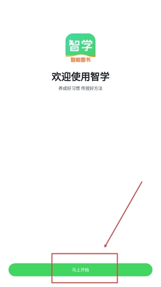 2、进入【智学】的欢迎界面后,查看“养成好习惯-传授好方法”的提示内容,点击【马上开始】按钮进入后续操作步骤。
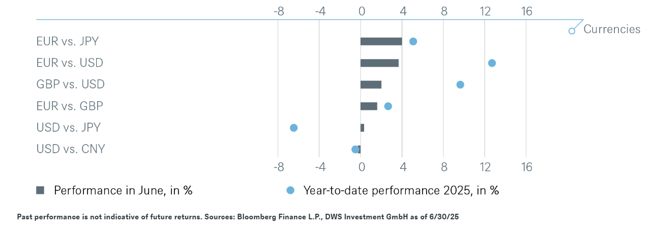 El dólar también desempeña un papel importante en el comportamiento de las distintas clases de activos. Aunque el S&P 500 subió alrededor de un 10 % en el segundo trimestre, desde la perspectiva de un inversor que calcula en euros, ese rendimiento se reduce prácticamente a cero. Los movimientos en los tipos de cambio también se reflejarán en los informes trimestrales que comienzan a publicarse. Estos favorecen a las empresas estadounidenses, ya que los ingresos en el extranjero se convierten a más dólares, y perjudican a las compañías de países cuyas monedas se están apreciando. Este factor probablemente haya sido una de las razones del repunte de las acciones estadounidenses en el segundo trimestre, compensando su fuerte infrarendimiento frente a la renta variable global en el primer trimestre. Esto fue especialmente evidente en junio, cuando el Nasdaq-100 registró una rentabilidad total del 6,3 %, mientras que el Euro Stoxx 50 cayó un 1,2 %.
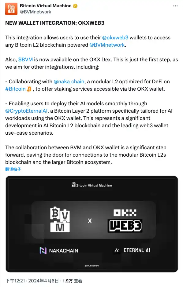 BVMnetwork 是一个比特币上模块化比特币 L2 协议,旨在打造即插即用的区块链模块以启动自己的比特币 L2 区块链。BVM 官方推特于 4 月 6 日发布推文表示,BVM 现已能在 OKX Dex 上交易,同时通过与 nakachain 的合作,提供可通过 OKX 钱包访问的质押服务。
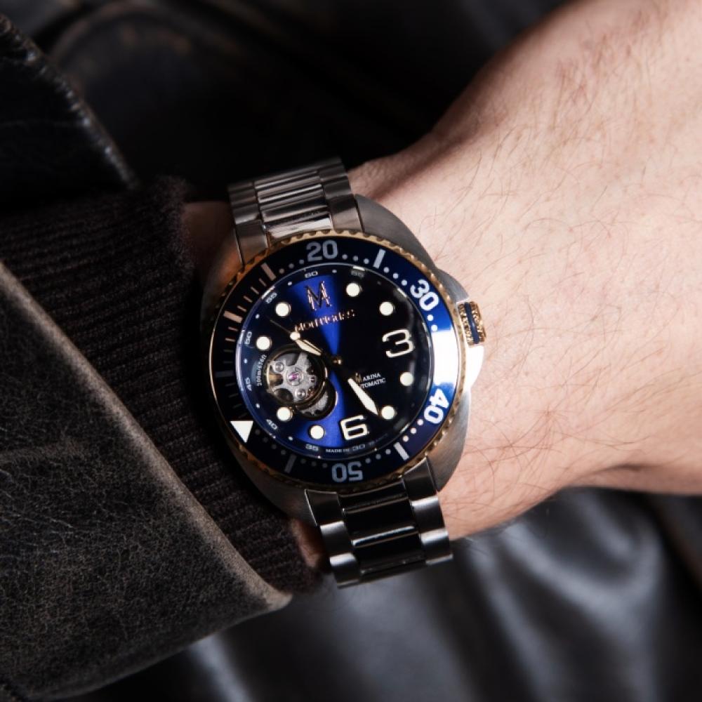 - ساعة Montignac MOW909 الرجالية بتصميم هيكلي فخم، علبة مربعة باللون الأسود ولمسات ذهبية أنيقة، تعمل بحركة أوتوماتيكية دقيقة، وتأتي بسوار جلدي فاخر يضفي لمسة من الفخامة العصرية.
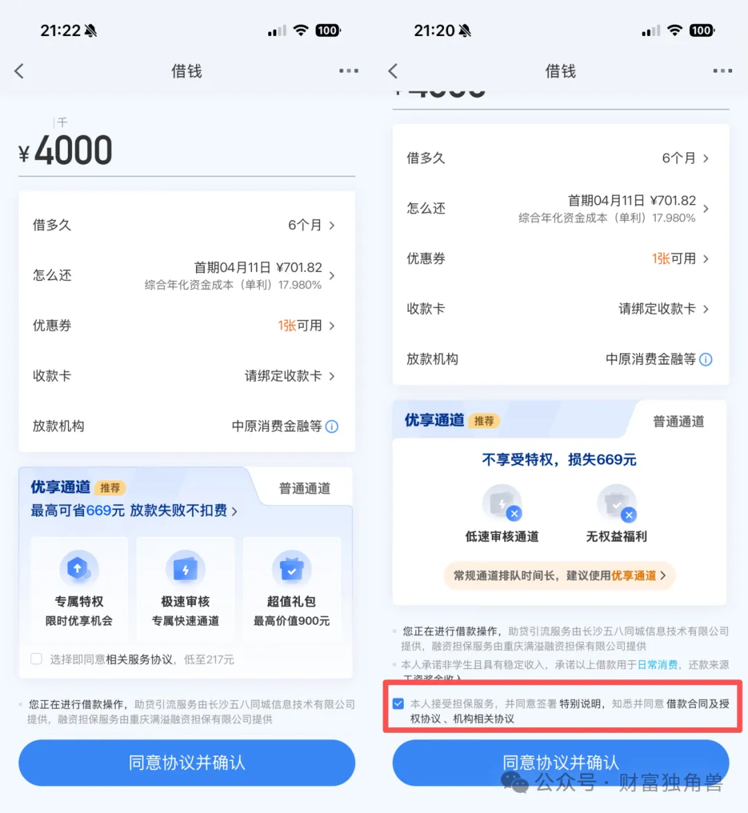 而真正的“利润放大器”则来自第三方公司,如前述的上海闪态网络技术有限公司,以及中融信等各类融资担保公司。这些第三方公司以提供“信息咨询”、“信用担保”、“会员权益”为名,与借款人签订独立协议,通过支付通道直接代扣“担保费”、“优享卡费”。
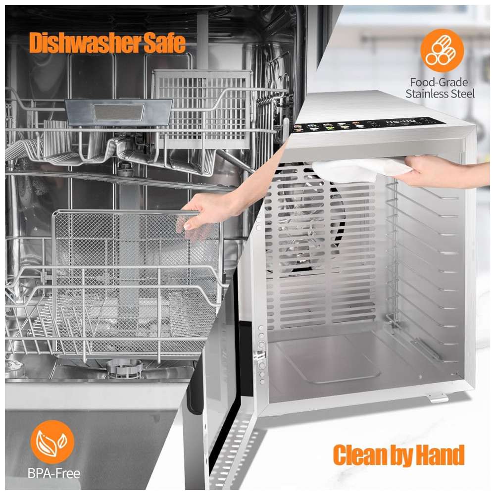 Desfrute da praticidade dos 10 programas pré-definidos deste desidratador de alimentos YASHE, ideais para Maçãs, Mirtilos, Tomates, Carne Bovina e muito mais. Ajuste facilmente o tempo de até 48 horas e a temperatura de 35°C a 74°C através do painel de controle LED para desidratação personalizada. Com capacidade de 12 bandejas ajustáveis em aço inoxidável, é ideal para secar frutas, vegetais, carnes e ervas em grandes quantidades. Seu motor potente de 850W e fluxo de ar de 360 graus garantem distribuição de calor uniforme, sem a necessidade de girar as bandejas. O design em aço inoxidável durável facilita a limpeza, e as bandejas livres de BPA podem ir à lava-louças. Acompanha 12 bandejas, 4 telas de malha, uma folha para fazer rolinhos de frutas, livro de receitas e manual de instruções. Com recursos práticos como armazenamento de cabo, alças laterais e operação silenciosa, este desidratador é versátil e confiável para desidratar ervas, jerky e muito mais.
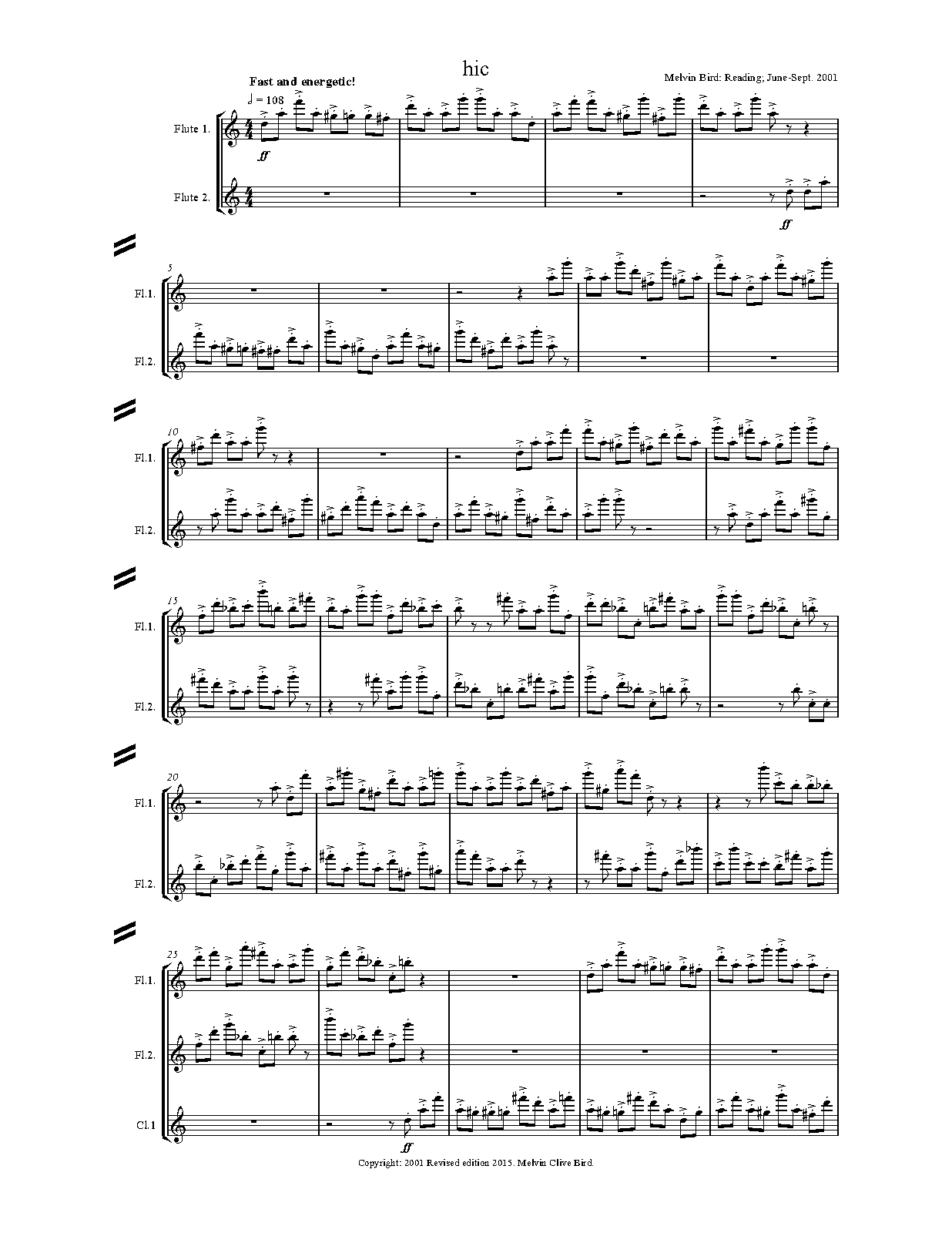 Melvin Bird has asserted his right under the Copyright, Designs and Patents Act, 1988, to be identified as the composer of this work. Please contact the composer for further information. The composer welcomes any performances and recordings. melvin.bird@hotmail.com

PROBLEM TO SOLVE: Copy every line exactly, from the opening line of the entries down to the line holding "BVMnetwork 是一个比特币上模块化比特币 L2", and keep the pictures out.

TASK RESULT:
 2、进入【智学】的欢迎界面后,查看“养成好习惯-传授好方法”的提示内容,点击【马上开始】按钮进入后续操作步骤。
 El dólar también desempeña un papel importante en el comportamiento de las distintas clases de activos. Aunque el S&P 500 subió alrededor de un 10 % en el segundo trimestre, desde la perspectiva de un inversor que calcula en euros, ese rendimiento se reduce prácticamente a cero. Los movimientos en los tipos de cambio también se reflejarán en los informes trimestrales que comienzan a publicarse. Estos favorecen a las empresas estadounidenses, ya que los ingresos en el extranjero se convierten a más dólares, y perjudican a las compañías de países cuyas monedas se están apreciando. Este factor probablemente haya sido una de las razones del repunte de las acciones estadounidenses en el segundo trimestre, compensando su fuerte infrarendimiento frente a la renta variable global en el primer trimestre. Esto fue especialmente evidente en junio, cuando el Nasdaq-100 registró una rentabilidad total del 6,3 %, mientras que el Euro Stoxx 50 cayó un 1,2 %.
 BVMnetwork 是一个比特币上模块化比特币 L2 协议,旨在打造即插即用的区块链模块以启动自己的比特币 L2 区块链。BVM 官方推特于 4 月 6 日发布推文表示,BVM 现已能在 OKX Dex 上交易,同时通过与 nakachain 的合作,提供可通过 OKX 钱包访问的质押服务。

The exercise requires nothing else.